Segment Open

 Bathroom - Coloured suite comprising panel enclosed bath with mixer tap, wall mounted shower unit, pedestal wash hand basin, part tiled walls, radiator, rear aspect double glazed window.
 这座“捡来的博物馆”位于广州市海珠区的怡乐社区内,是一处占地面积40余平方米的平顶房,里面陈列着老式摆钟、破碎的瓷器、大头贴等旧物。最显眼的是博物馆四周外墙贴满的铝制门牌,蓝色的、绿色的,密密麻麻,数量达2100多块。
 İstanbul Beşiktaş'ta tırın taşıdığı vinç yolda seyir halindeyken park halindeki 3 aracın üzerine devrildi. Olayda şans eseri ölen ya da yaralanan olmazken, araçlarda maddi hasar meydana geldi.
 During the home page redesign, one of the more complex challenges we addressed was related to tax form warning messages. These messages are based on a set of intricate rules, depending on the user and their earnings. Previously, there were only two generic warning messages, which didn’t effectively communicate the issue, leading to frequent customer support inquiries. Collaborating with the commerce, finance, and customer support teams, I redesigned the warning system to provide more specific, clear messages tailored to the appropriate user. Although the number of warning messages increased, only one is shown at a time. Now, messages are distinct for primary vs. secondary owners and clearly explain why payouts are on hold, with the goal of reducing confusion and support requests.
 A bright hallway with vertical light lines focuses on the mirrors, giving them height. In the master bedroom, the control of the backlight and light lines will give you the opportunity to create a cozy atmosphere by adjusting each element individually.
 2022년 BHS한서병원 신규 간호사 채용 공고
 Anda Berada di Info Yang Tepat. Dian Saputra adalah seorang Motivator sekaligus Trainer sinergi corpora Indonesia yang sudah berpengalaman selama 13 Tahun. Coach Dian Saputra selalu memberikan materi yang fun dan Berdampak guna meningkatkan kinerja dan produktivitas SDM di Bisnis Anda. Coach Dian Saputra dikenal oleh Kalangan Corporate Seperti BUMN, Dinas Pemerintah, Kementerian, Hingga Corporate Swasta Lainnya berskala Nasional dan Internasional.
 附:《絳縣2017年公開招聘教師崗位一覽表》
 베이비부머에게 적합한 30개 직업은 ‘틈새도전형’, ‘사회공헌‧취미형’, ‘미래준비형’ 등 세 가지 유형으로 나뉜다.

Segment Closed

• **WHAT YOU ARE ASKED TO DO**:
Please transcribe the material above in full, keeping every character intact.

• **WRITTEN RESPONSE**:
 Bathroom - Coloured suite comprising panel enclosed bath with mixer tap, wall mounted shower unit, pedestal wash hand basin, part tiled walls, radiator, rear aspect double glazed window.
 这座“捡来的博物馆”位于广州市海珠区的怡乐社区内,是一处占地面积40余平方米的平顶房,里面陈列着老式摆钟、破碎的瓷器、大头贴等旧物。最显眼的是博物馆四周外墙贴满的铝制门牌,蓝色的、绿色的,密密麻麻,数量达2100多块。
 İstanbul Beşiktaş'ta tırın taşıdığı vinç yolda seyir halindeyken park halindeki 3 aracın üzerine devrildi. Olayda şans eseri ölen ya da yaralanan olmazken, araçlarda maddi hasar meydana geldi.
 During the home page redesign, one of the more complex challenges we addressed was related to tax form warning messages. These messages are based on a set of intricate rules, depending on the user and their earnings. Previously, there were only two generic warning messages, which didn’t effectively communicate the issue, leading to frequent customer support inquiries. Collaborating with the commerce, finance, and customer support teams, I redesigned the warning system to provide more specific, clear messages tailored to the appropriate user. Although the number of warning messages increased, only one is shown at a time. Now, messages are distinct for primary vs. secondary owners and clearly explain why payouts are on hold, with the goal of reducing confusion and support requests.
 A bright hallway with vertical light lines focuses on the mirrors, giving them height. In the master bedroom, the control of the backlight and light lines will give you the opportunity to create a cozy atmosphere by adjusting each element individually.
 2022년 BHS한서병원 신규 간호사 채용 공고
 Anda Berada di Info Yang Tepat. Dian Saputra adalah seorang Motivator sekaligus Trainer sinergi corpora Indonesia yang sudah berpengalaman selama 13 Tahun. Coach Dian Saputra selalu memberikan materi yang fun dan Berdampak guna meningkatkan kinerja dan produktivitas SDM di Bisnis Anda. Coach Dian Saputra dikenal oleh Kalangan Corporate Seperti BUMN, Dinas Pemerintah, Kementerian, Hingga Corporate Swasta Lainnya berskala Nasional dan Internasional.
 附:《絳縣2017年公開招聘教師崗位一覽表》
 베이비부머에게 적합한 30개 직업은 ‘틈새도전형’, ‘사회공헌‧취미형’, ‘미래준비형’ 등 세 가지 유형으로 나뉜다.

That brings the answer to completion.